22 Rare Pictures of the Titanic That Prove the Greatness of the Biggest Ship of Its Time

Thought to be the most solid ocean liner to hit the seas, no one ever saw the fate of the Titanic coming with believers even called it “unsinkable”.

Over a century ago the Titanic was the largest passenger ship at sea and the largest man-made moving object on earth. At full capacity, it could carry 3,547 passengers with 833 in First Class, 614 in Second Class, and 1,006 in Third class, with the rest of the allocation for the crew.

It was designed to feel like the posh contemporary hotels with the Ritz Hotel as a reference. 

However, the Titanic was fitted with only 20 lifeboats on the ship which could save only one-third of its total passenger list. 

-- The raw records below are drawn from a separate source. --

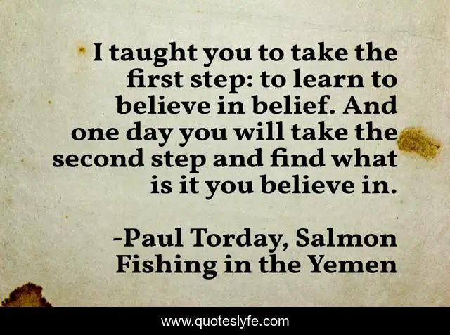 This page presents the quote "I taught you to take the first step: to learn to believe in belief. And one day you will take the second step and find what is it you believe in.". Author of this quote is Paul Torday, Salmon Fishing in the Yemen. This quote is about fishing, belief, wisdom,.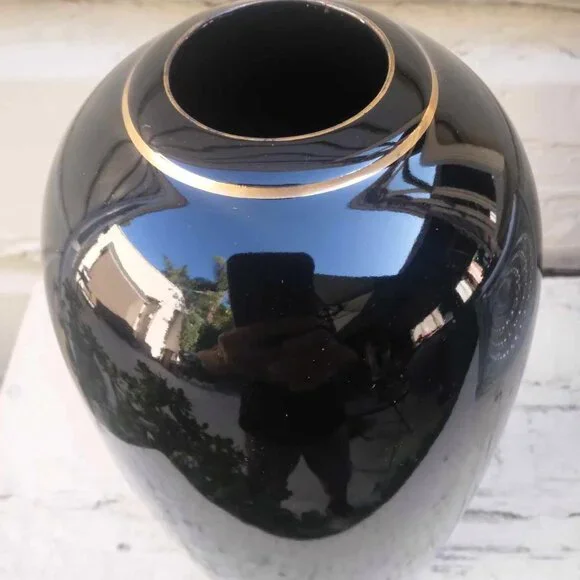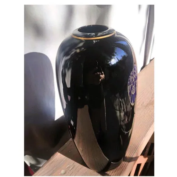 Elegant Vintage Shibata Japanese Lustrous Black w/Gold Trim Tall Porcelain VaseThis is a gorgeous Elegant Vintage Shibata Japanese Lustrous Black w/Gold Trim Tall Porcelain Vase....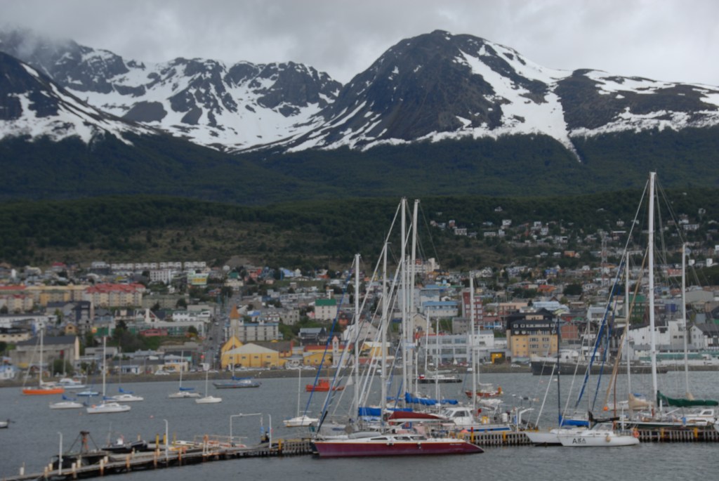 Als erstes mussten wir uns mit Kleidern eindecken. Alle Sportgeschäfte klapperten wir ab, und deren gibt es in der Stadt genug. Wanderschuhe, Unterwäsche, Socken, Hosen, Jacken, Handschuhe, Mützen alles mussten wir kaufen. Die Temperaturen waren sehr kühl und ein eisiger Wind wehte uns um die Ohren. Der Schnee reichte weit über die Bergflanken herunter. Nicht nur im Laufe eines Tages unterscheiden sich die Temperaturen in Ushuaia sehr stark, auch im Laufe des Jahres gibt es sehr unterschiedliche Werte. Im Normalfall liegen die Temperaturen im Sommer in den Monaten von Dezember bis Februar zwischen 5 und 20 Grad, zwischen Juni und August im Winter etwa bei – 20 Grad und 8 Grad plus.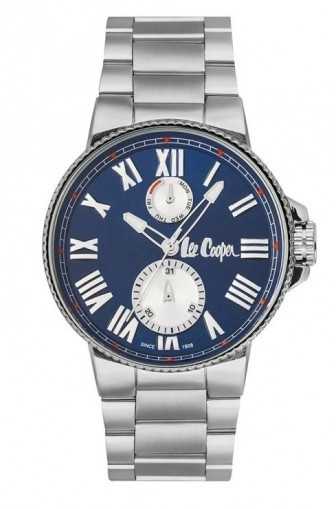 Мъжки часовник Lee Cooper с модерна визия. Моделът е с тъмносин дисплей с показатели за дата и ден от седмицата. Корпус от супер метал. Верижка от неръждаема стомана. Стъкло минерал-кристал. Задвижва се от кварцов механизъм. Водоустойчивост 3 ATM - допускат се леки пръски, не се препоръчва обилно мокрене.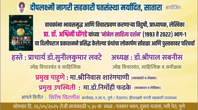 येथील दीपलक्ष्मी नागरी सहकारी पतसंस्थेतर्फे ज्येष्ठ लेखिका प्राध्यापक डॉक्टर अश्विनी धोंगडे यांनी लिहिलेल्या नोबेल साहित्य दर्शन भाग एक या दिलीपराज प्रकाशनने प्रसिद्ध केलेल्या ग्रंथाचा लोकार्पण सोहळा आणि पुस्तकावर परिचर्चा असा कार्यक्रम सोमवार दिनांक 26 मे रोजी सायंकाळी साडेपाच वाजता पत्रकार भवन नवी पेठ पुणे येथे होणार आहे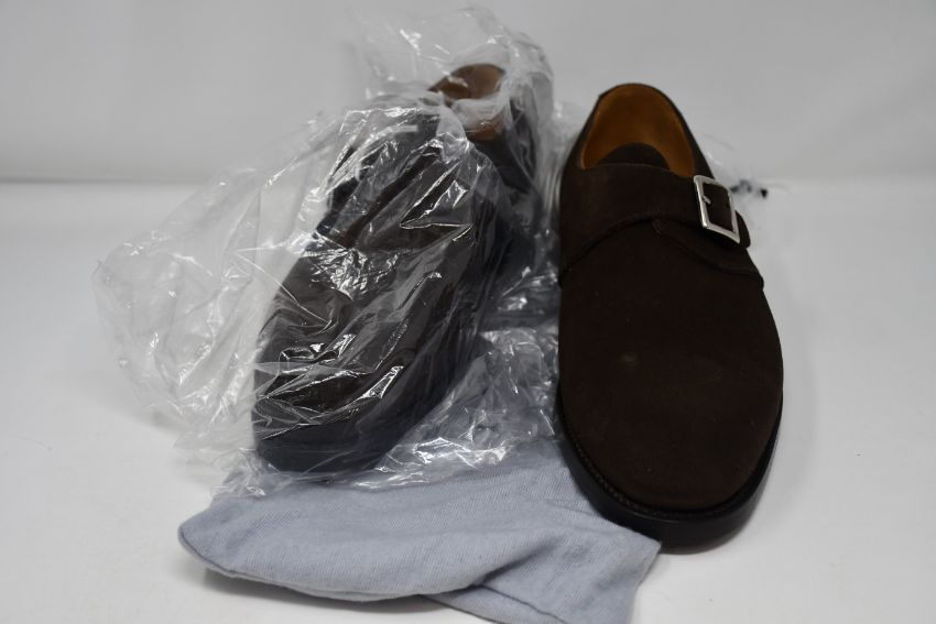 A pair of men's as new Morjas suede buckle shoes in brown (7.5).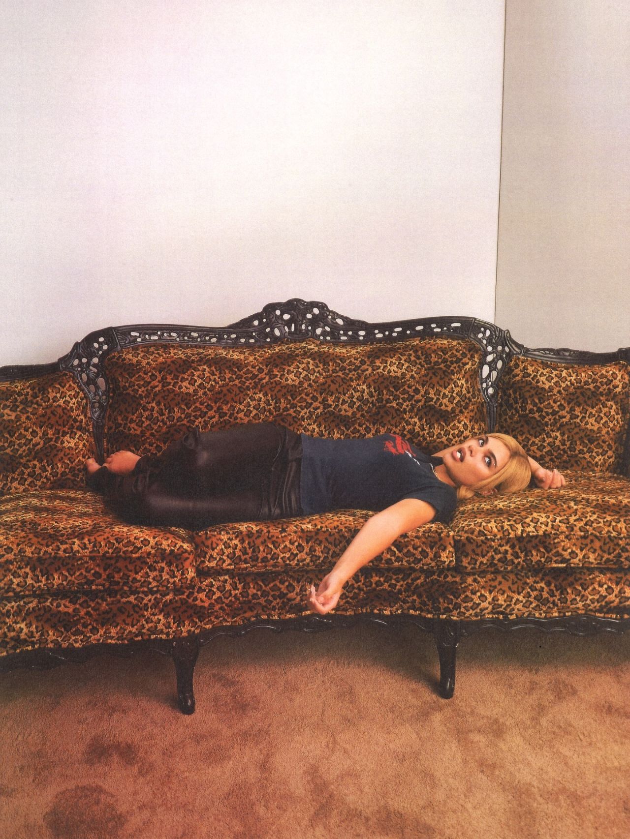 The core of the look is a relaxed, dark-colored graphic T-shirt featuring a stylized red and white print. She pairs this casual top with loose-fitting, wide-leg trousers that possess the sheen and texture of black leather or high-quality faux leather. The accessories are minimal, comprising a thin silver necklace with a small pendant. Greenblatt’s hair is styled in long, center-parted blonde waves, giving a nod to the effortless ‘California cool’ often associated with the era and brand. She is seen posing indoors, seated on the floor in front of a dramatic, vintage-style sofa upholstered in a bold leopard print, which adds a maximalist contrast to her otherwise dark ensemble.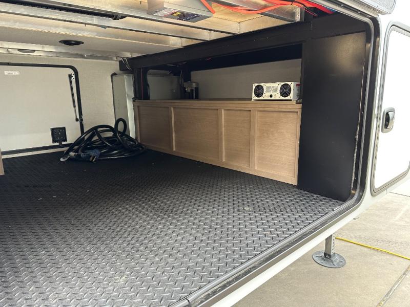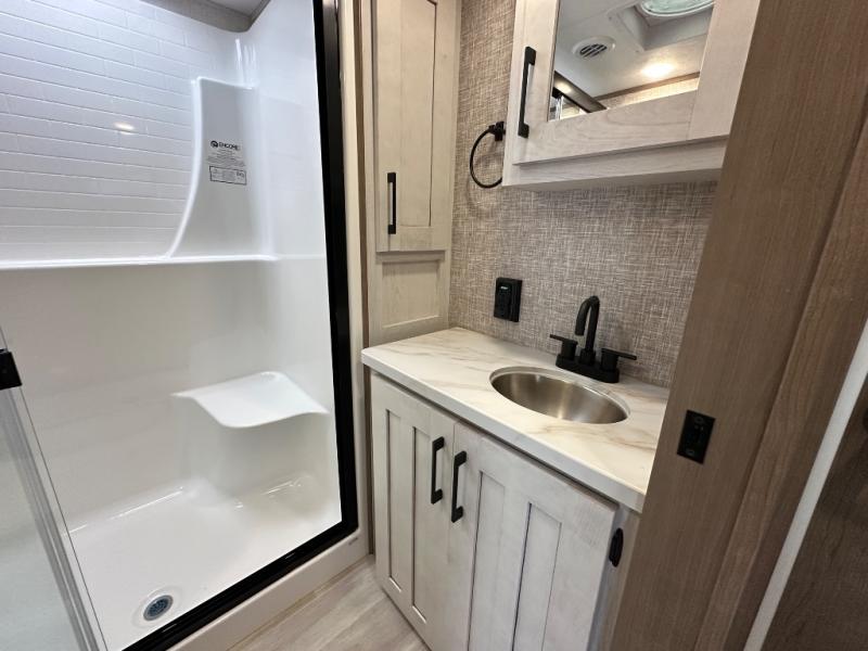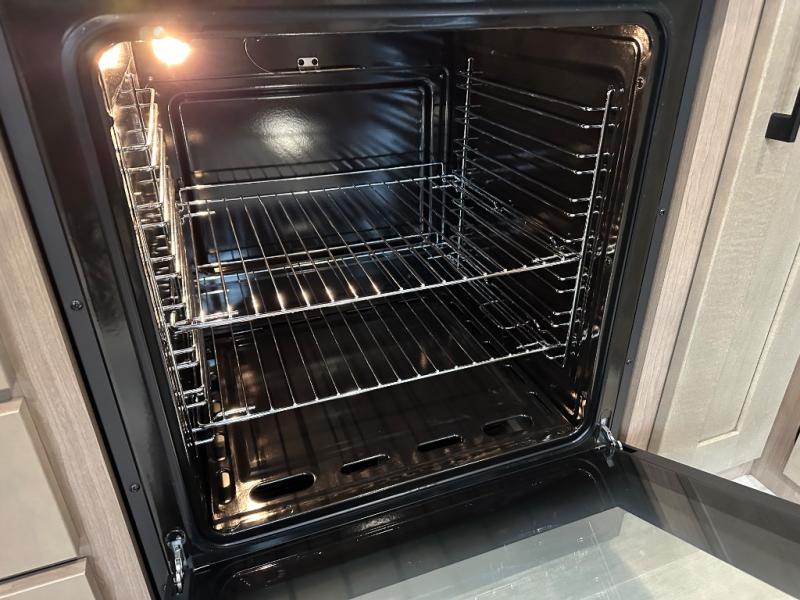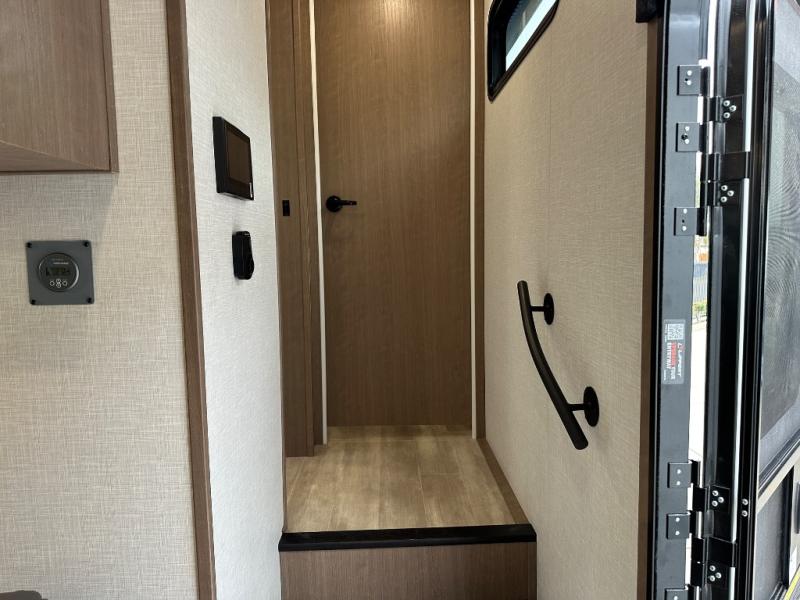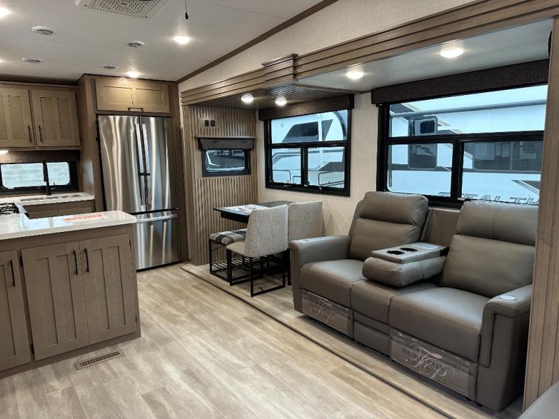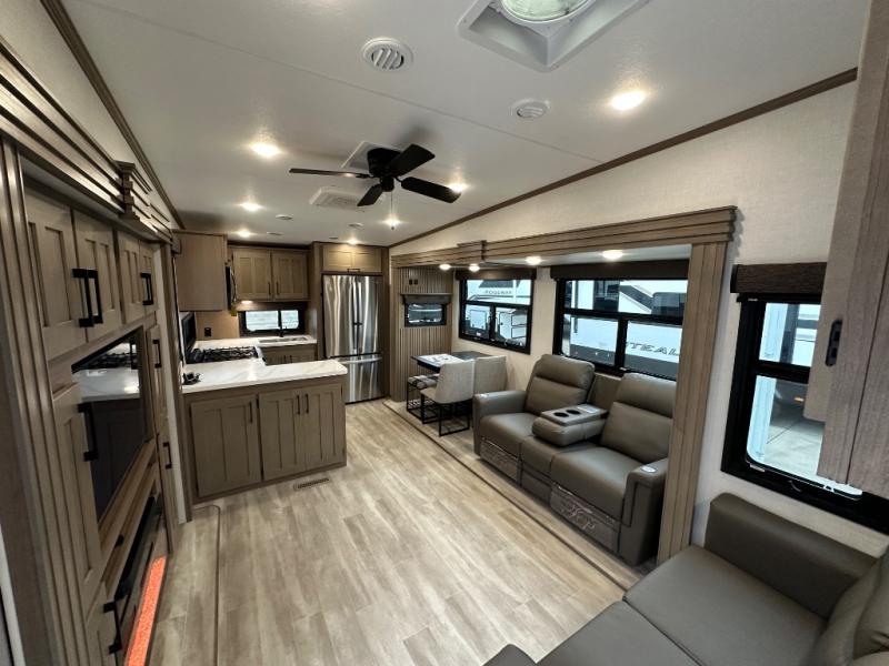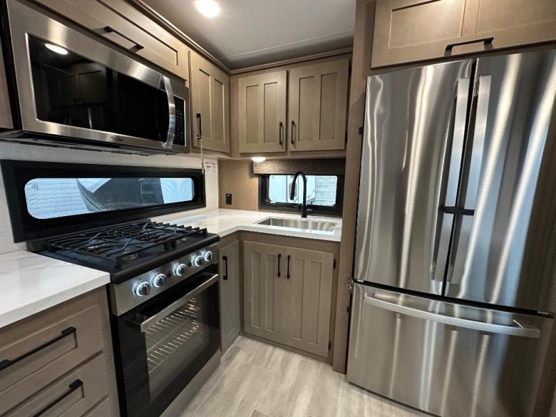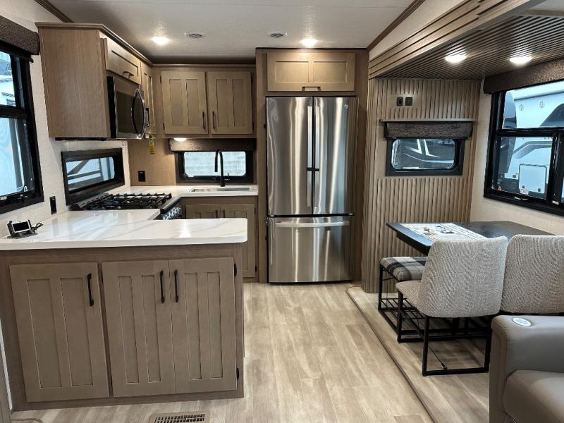 The chef will love cooking in the rear kitchen of this fifth wheel! They could even cook the catch of the day on the outside griddle while enjoying a cold beverage from the refrigerator, plus there is a smart TV at the outside kitchen. You can enjoy your meals at the table and chairs then lay down on the hide-a-bed sofa after stuffing yourself full. The theater seating with USB charging also offers a comfortable place to relax in front of the 40" fireplace at the entertainment center. Freshen up each morning in the full bathroom with the 48" x 30" residential shower with a seat and easily grab your towel from the linen closet next to it. When you're ready to wind down your nights, head to the front private bedroom to change into your pajamas stored in the dresser or from the front wardrobe with washer and dryer prep. There is also a king bed slide out or you can choose the optional queen bed if you want more floor space.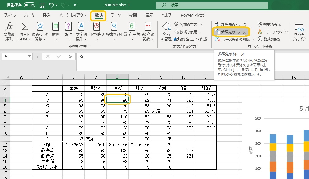 どこを参照しているかがトレースされます。トレースされた矢印は「トレース矢印の削除」ボタンをクリックして削除することができます。

Built by the Harland and Wolff shipyard of Belfast with Thomas Andrews as the chief naval architect, it was operated by the White Star Line. Only four days after its departure, the ship collided with an iceberg causing the hull plates to buckle and exposing five watertight compartments to the sea. She was built to survive only four floodings.  The British passenger liner sank on her maiden voyage across the North Atlantic Ocean between Southampton to New York City in 1912 taking more than 1,500 lives.

Images of that era give us a better picture of the ship layout and a glimpse at the life on-board the Titanic before it faced its tragic end.

1. The building of the Titanic began in March 1909 and was completed in April 1912.

National Museum of the U.S. Navy [Public domain]

2. The Titanic was launched in May 1911 through the River Lagan.

Internet Archive Book Images [No restrictions]

3. This photo shows the propeller shaft installation.

Robert John Welch (1859-1936), official photographer for Harland & Wolff [Public domain]

4. There weren’t enough lifeboats to save all the passengers on the sinking ship.

Томас Баркер [Public domain]

 

5. Louis Seize or the style of architecture and furniture that started in France by Louis XVI was used to decorate this cabin room B-58.

Robert John Welch (1859-1936), official photographer for Harland & Wolff [Public domain]

 

6. A Dutch colonial style was the inspiration of this cabin B-59.

Robert John Welch (1859-1936), official photographer for Harland & Wolff [Public domain]

 

7. The Titanic was the first to have a heated swimming pool on a sailing vessel. 

Bernard Walker Dodd, Mead and Company, New York [Public domain]

 

8. Found on the First Class Promenade was an elegant coffee show called the Café Parisien.

Robert John Welch (1859-1936), official photographer for Harland & Wolff [Public domain]

 

9. Rich wood-paneled walls and luxurious fabrics were used in the First Class Lounge.

Robert John Welch (1859-1936), official photographer for Harland & Wolff [Public domain]

 

10. A reading and writing room was built for the women in First Class where they could play cards and socialize throughout the day. 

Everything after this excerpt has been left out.